*** Begin section ***

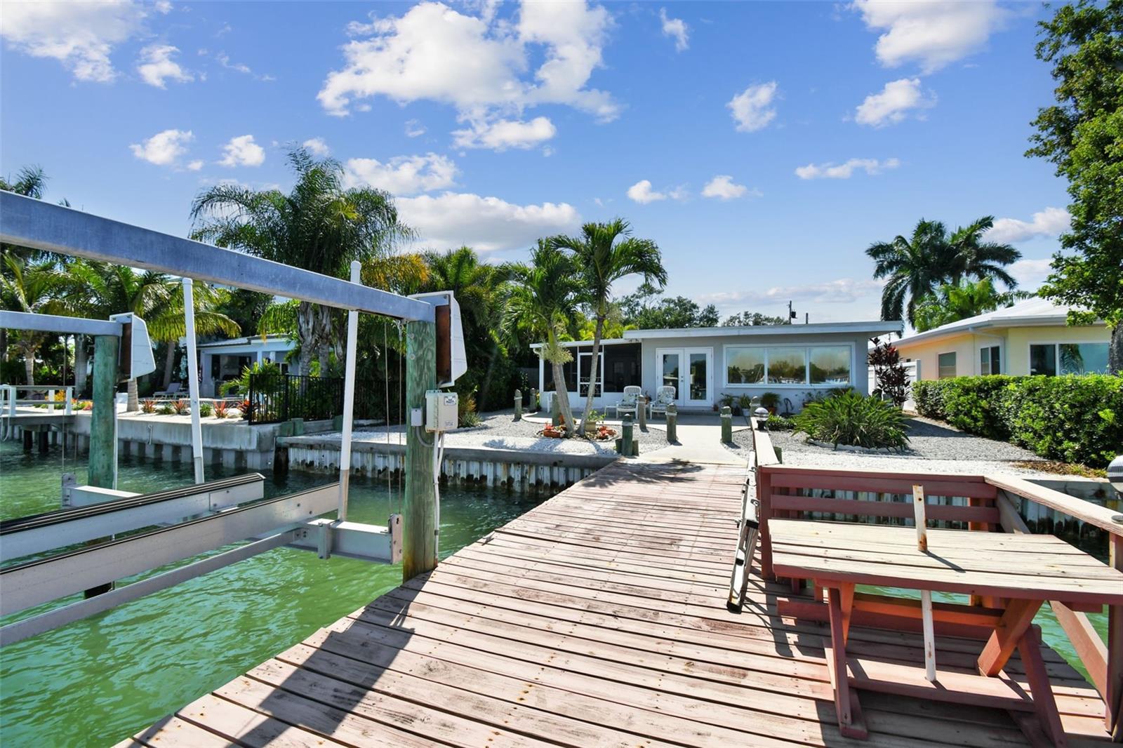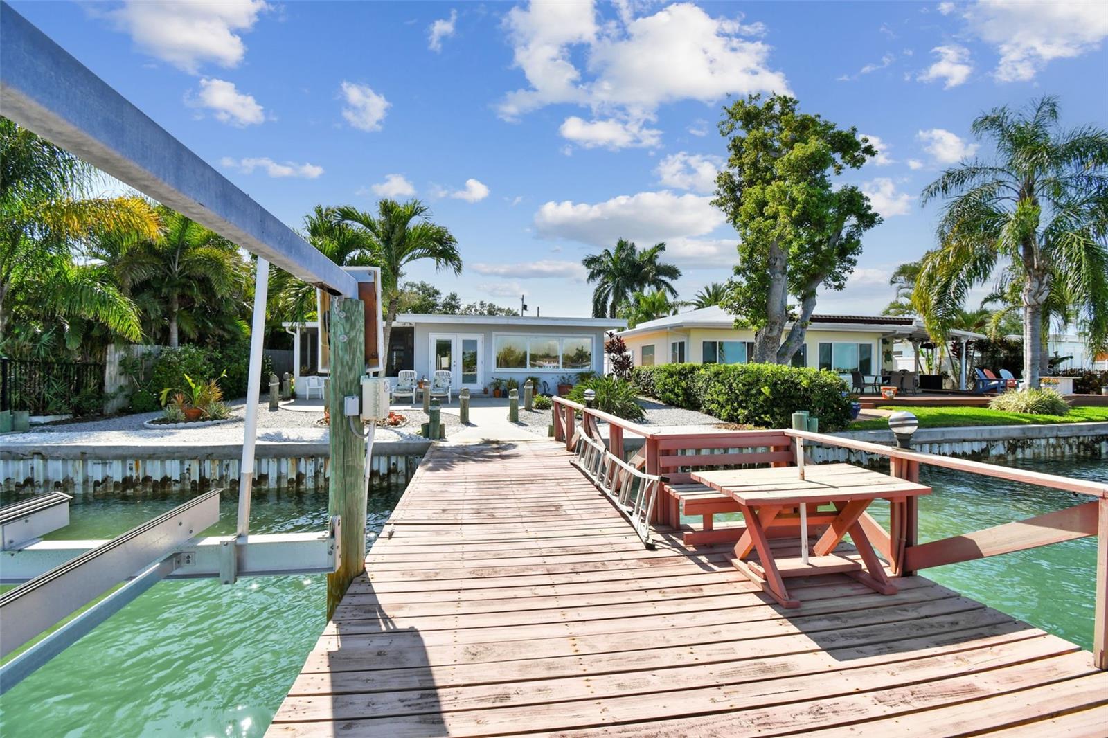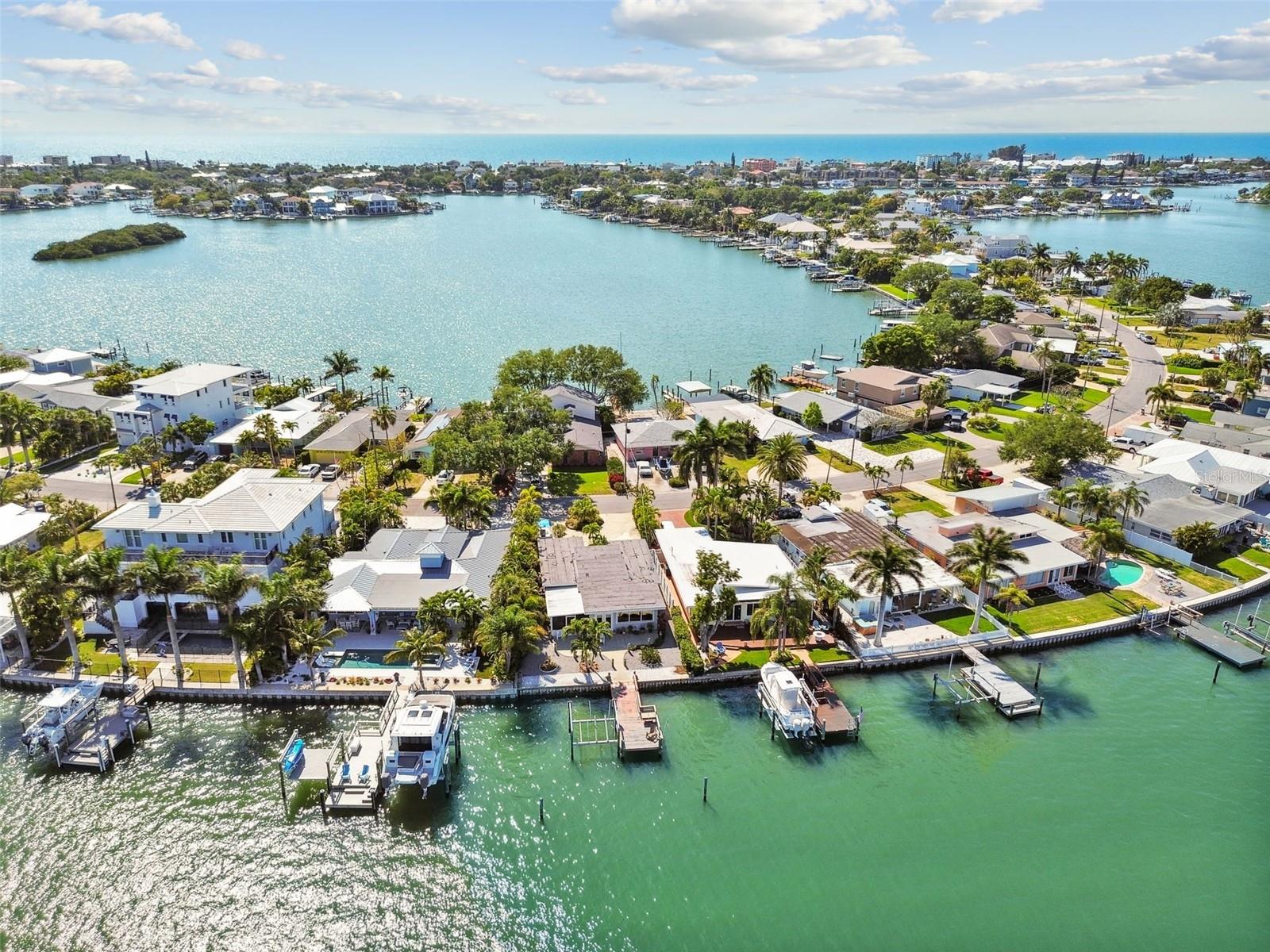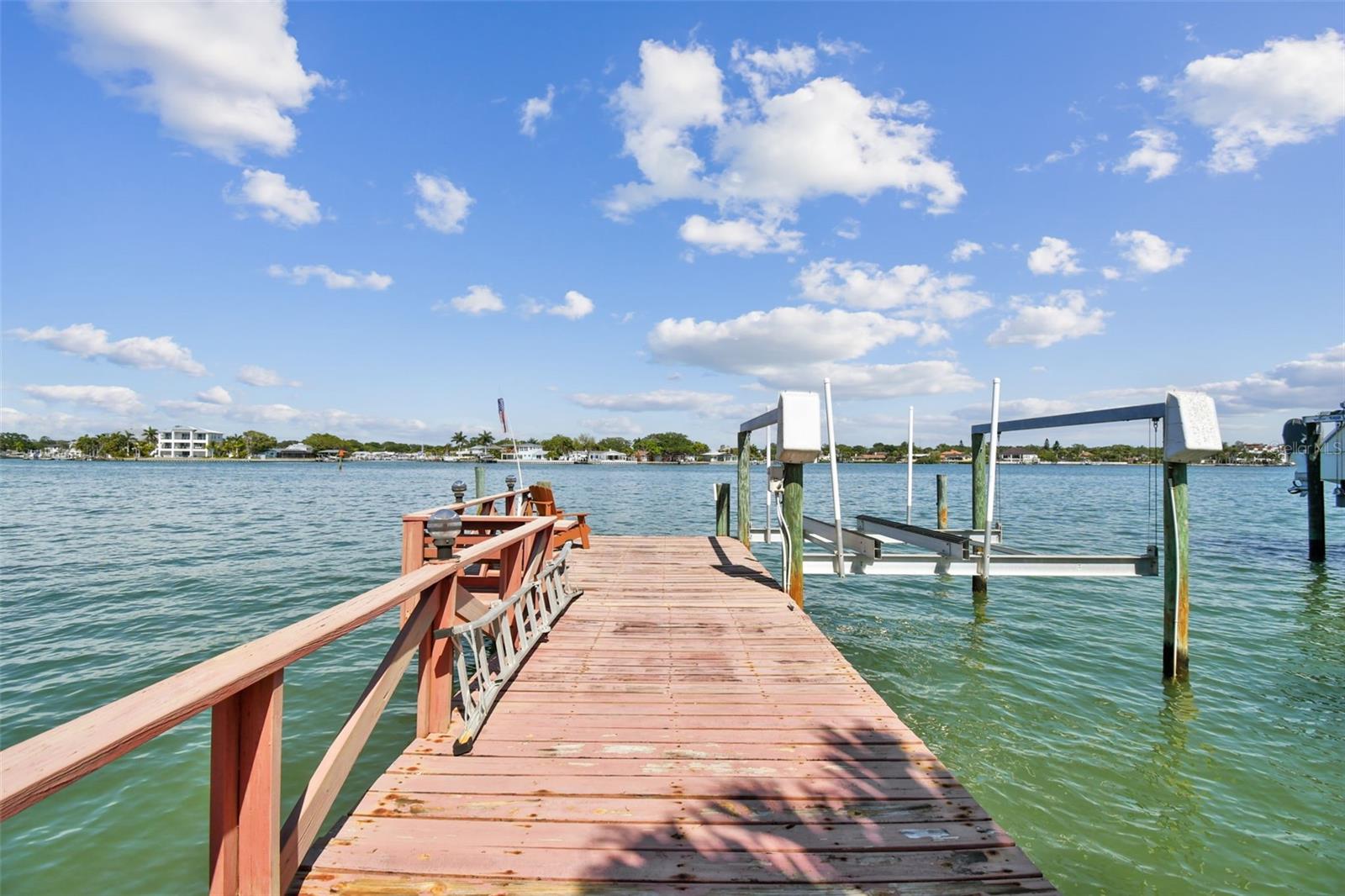 Amazing open and direct Intracoastal waterfront view from the front door to the back. This home offers an open plan with views of the water from the kitchen, living, and dining areas, plus the Master Bedoom. With a covered screen porch and single-car garage, it is easy to add two or more sleeping rooms to this 2-bedroom house. The backyard has ample room for a pool and currently offers a large patio, from where to see dolphins, passing boats, and open water. With a steel seawall, a large dock, and an updated 10k boat lift with a remote, this home offers the Florida lifestyle everyone desires. Recent updates include, Water Softener-2022, AC 2022, and Roof 2023. The separate laundry room off the garage can easily be another bathroom. Whether your goal is to find the ideal lot for future construction, have a great vacation or short-term rental property, or enjoy the Florida lifestyle, this home is ideal. Walking distance to the beach, Indian Rocks Beach offers great beach parks, dog parks, and a friendly community that offers activities for everyone to enjoy. Great entertainment, dining, shopping, and more are just minutes away by foot, golf cart, or r. Indian Rocks Beach is in the heart of Tampa Bays best beaches and offers easy access to many of Pinellas County's finest museum and arts districts, plus the Bay area's many professional sports venues and world renown theme parks. Tampa International Airport and PIE are also easily traveled to and fro. If beach living is on your list, come check out this great Florida home.
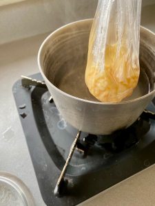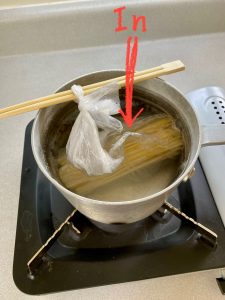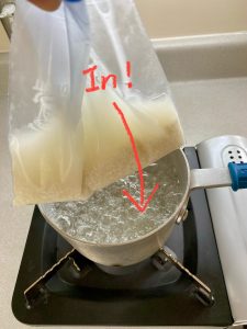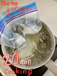 You might have to use river water or sea water as your boiling water. Make sure the bag is completely sealed, and it’s better if the top of your bag does not touch the boiling water. Boil for 20 minutes. The plastic bag should not be completely submerged in the boiling water. Then after removing the bag from the boiling water, let it sit for 10 minutes.
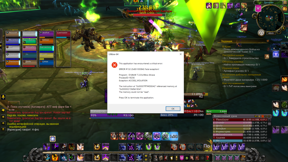 Здраствуйте, в пати с танком демонхантером каждые 20 минут точно крашит клиент на любом персонаже с ошибкой (все не помню) "read", ошибка у меня не первого, многие игроки с ней сталкивались но не кто не помнит как ее решил |
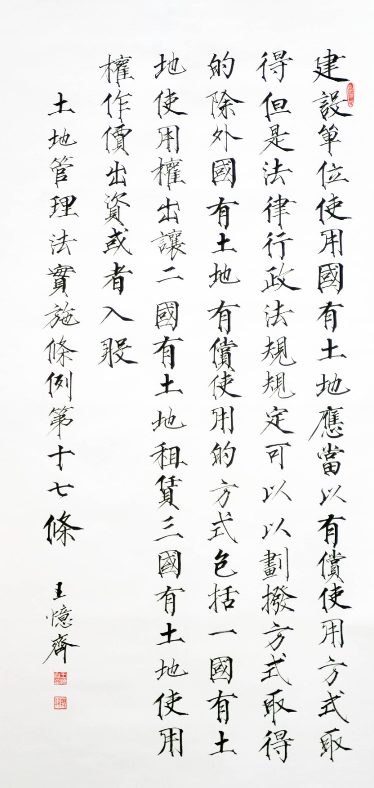 繼1600余位書法家參與書寫《中華人民共和國民法典》全部1260條法條之后,法治日報社聯(lián)合自然資源部法規(guī)司、自然資源部書畫研究會和北京昌平書法家協(xié)會,將筆端對準(zhǔn)土地管理“一法一條例”,即《中華人民共和國土地管理法》和《中華人民共和國土地管理法實(shí)施條例》。
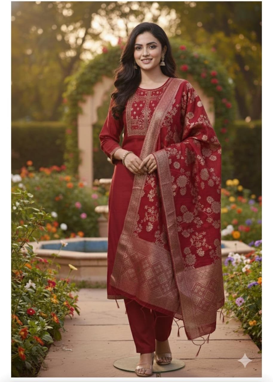 Roman Silk Suit Set with Banarasi Dupatta – Maroon
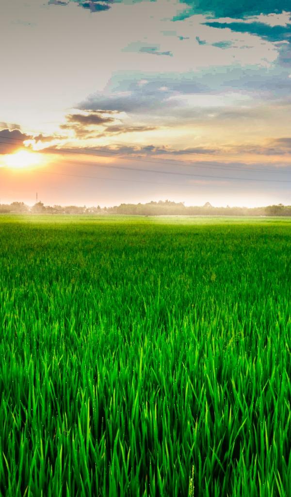 Wallpaper Sunrise of summer sun over field with green wheat

*** End section ***

No pictures should appear in the copy. Reproduce exactly the lines from the line containing "繼1600余位書法家參與書寫" through the last line of the data, inclusive.

 繼1600余位書法家參與書寫《中華人民共和國民法典》全部1260條法條之后,法治日報社聯(lián)合自然資源部法規(guī)司、自然資源部書畫研究會和北京昌平書法家協(xié)會,將筆端對準(zhǔn)土地管理“一法一條例”,即《中華人民共和國土地管理法》和《中華人民共和國土地管理法實(shí)施條例》。
 Roman Silk Suit Set with Banarasi Dupatta – Maroon
 Wallpaper Sunrise of summer sun over field with green wheat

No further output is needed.